One such group that has taken issue with critical race theory is the Conservative Baptist Network, a coalition of pastors that contends the denomination has been hijacked by political correctness and secular thinking.
For Southern Baptists, any statement on race is a delicate matter. That’s because the Southern Baptist Convention was born in the crucible of slavery, founded in 1845 out of a conviction that missionaries could own slaves.
Beginning in 1995, the denomination passed a number of resolutions apologizing for slavery, saying, “we genuinely repent of racism of which we have been guilty.”
That makes the seminary presidents’ statement opposing critical race theory especially troubling, some critics said.
“The SBC is a denomination haunted by white supremacy and, ironically, the only system it doesn’t want its people engaging with at all is a social science theory that specifically addresses its heritage, which is systemic racism,” said Kyle J. Howard, a racial and spiritual trauma counselor. “It’s deeply revealing.
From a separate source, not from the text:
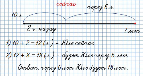Два года назад Юле было 10 лет. Сколько лет будет Юле через 6 лет?

No matter how many times they say they are against racism, they continually move in ways that suggest it’s true in word, not in deed.”
Howard is a Black alumnus of Boyce College, the undergraduate arm of the Southern Baptist Theological Seminary in Louisville, Kentucky. He studied toward a master’s degree there too but has since left the Southern Baptist fold.
The seminary presidents’ statement comes at a time when Southern Baptists are trying to attract more African Americans and start more Black churches. This summer, one of them, led by Black pastor John Onwuchekwa of Atlanta, left the denomination.
“The convention was one bad marketing meeting away from being the ‘Confederate Baptist Convention,’” Onwuchekwa told The Washington Post.
Jemar Tisby, author of “The Color of Compromise: The Truth About the American Church’s Complicity in Racism,” said such statements make it unlikely that the SBC’s attempts to attract more Black churchgoers will succeed.
“The fallout is happening already, but it will become much more apparent in the years to come,” Tisby said.
Tisby said he didn’t think the seminary presidents were racist.
“These men in their intentions are not racist,” he said. “But the impact of the statement is to put all the energy and focus behind critiquing efforts at racial justice, when the energy should be put toward rooting out the racism in their midst.”
The statement was agreed on at a meeting of the Council of Seminary Presidents of the Southern Baptist Convention before Thanksgiving, but it was published by the denominational news arm, Baptist Press, on Monday (Nov. 30).